● **SUPPLIED INFORMATION**
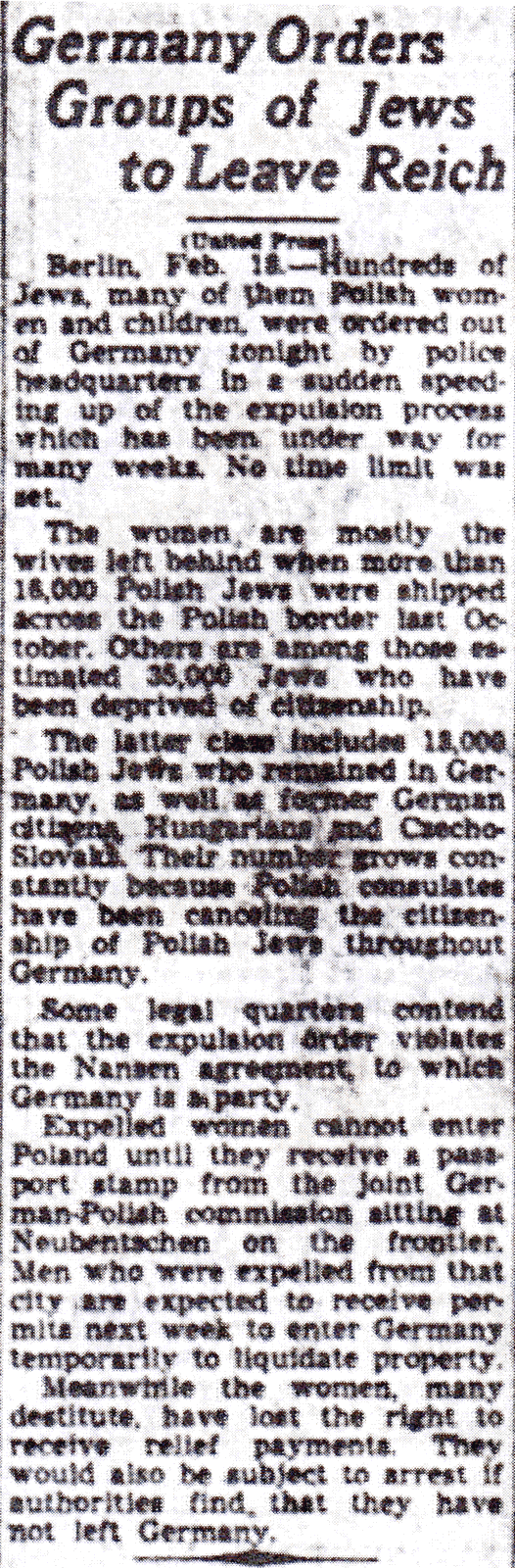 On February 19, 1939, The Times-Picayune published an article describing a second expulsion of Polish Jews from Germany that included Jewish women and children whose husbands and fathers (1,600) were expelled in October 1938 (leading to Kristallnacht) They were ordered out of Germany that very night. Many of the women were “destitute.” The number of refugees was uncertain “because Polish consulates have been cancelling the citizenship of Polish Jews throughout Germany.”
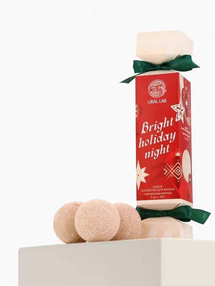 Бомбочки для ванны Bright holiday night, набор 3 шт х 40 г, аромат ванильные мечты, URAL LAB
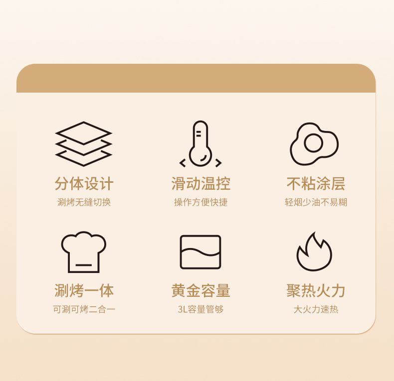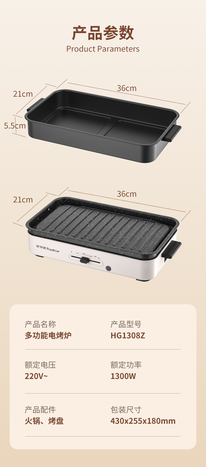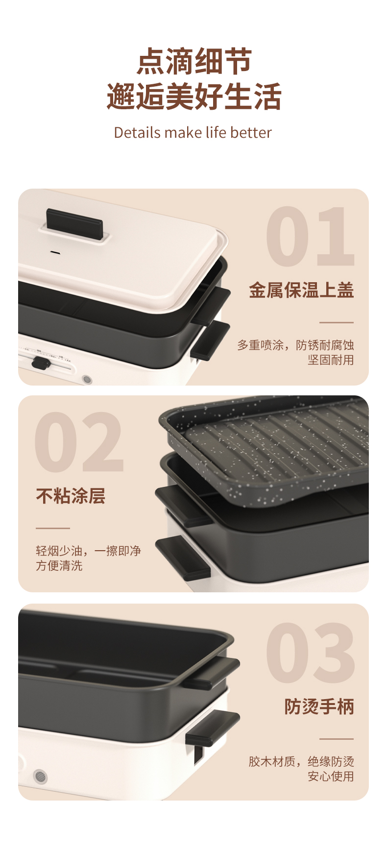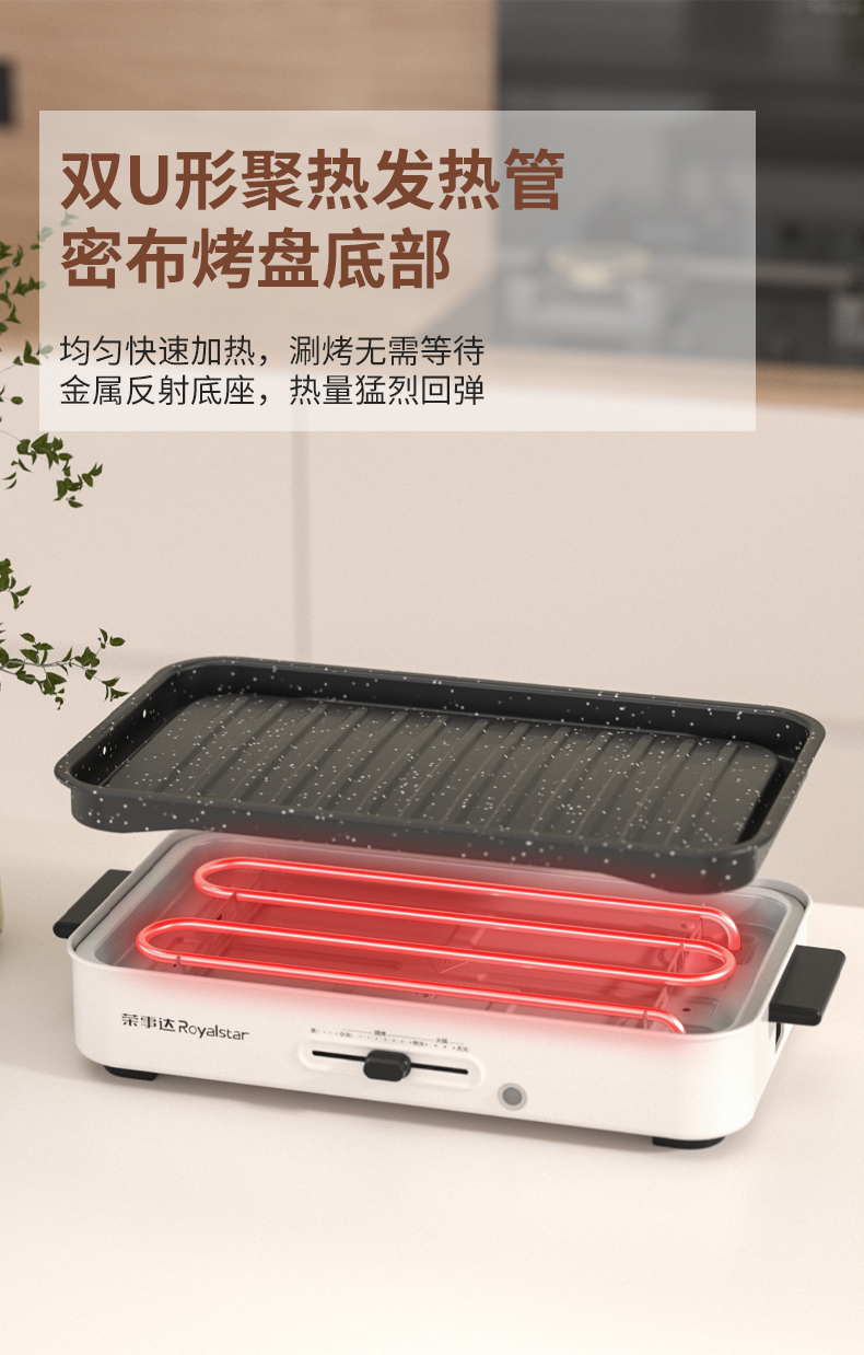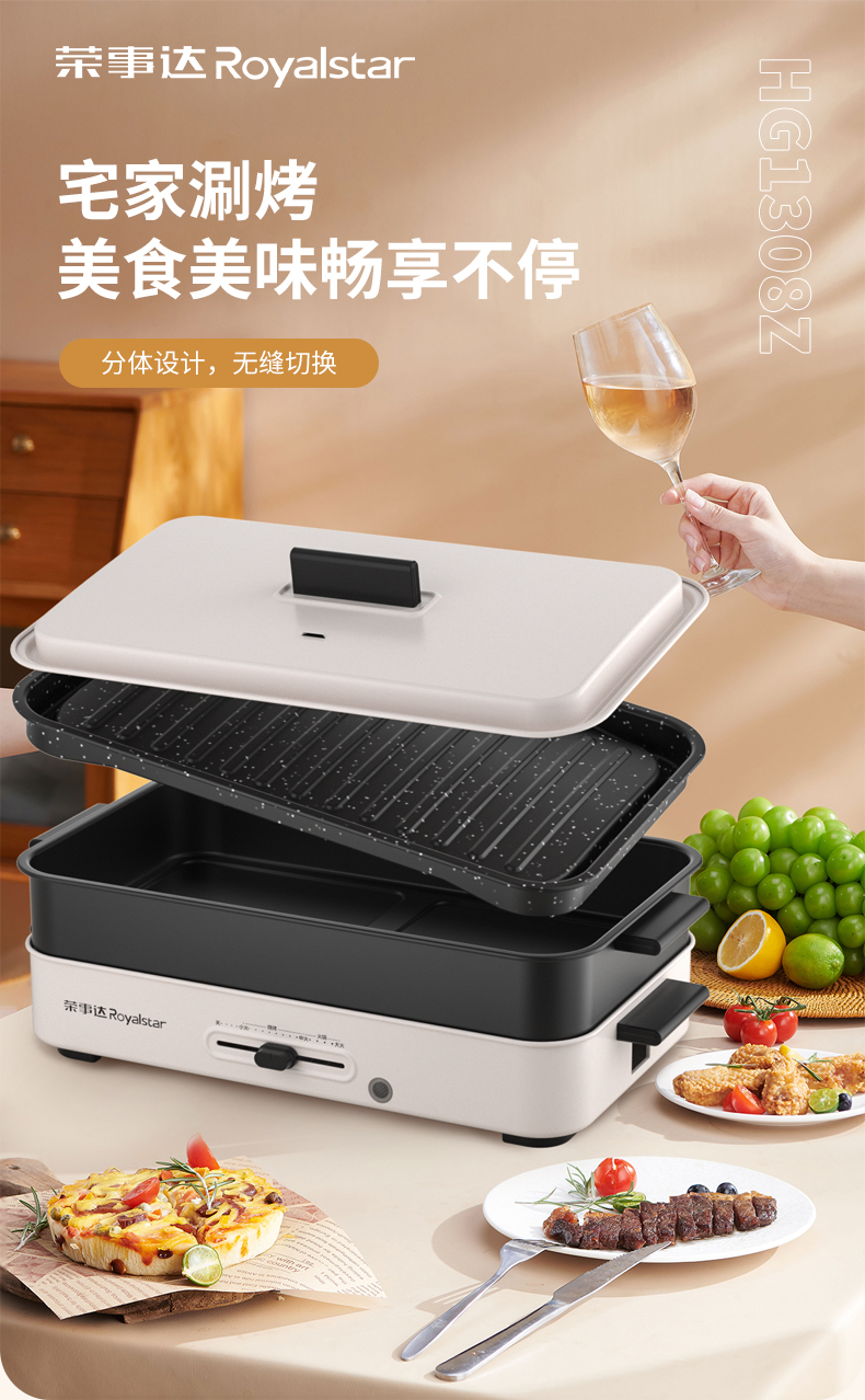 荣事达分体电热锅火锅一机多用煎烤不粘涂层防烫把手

● **REQUIRED WORK**
Your copy should hold exactly the lines from the one that contains "Бомбочки для ванны" through the final line of the data, both ends included, and no pictures.

● **RESULT OF THE EXERCISE**
 Бомбочки для ванны Bright holiday night, набор 3 шт х 40 г, аромат ванильные мечты, URAL LAB
 荣事达分体电热锅火锅一机多用煎烤不粘涂层防烫把手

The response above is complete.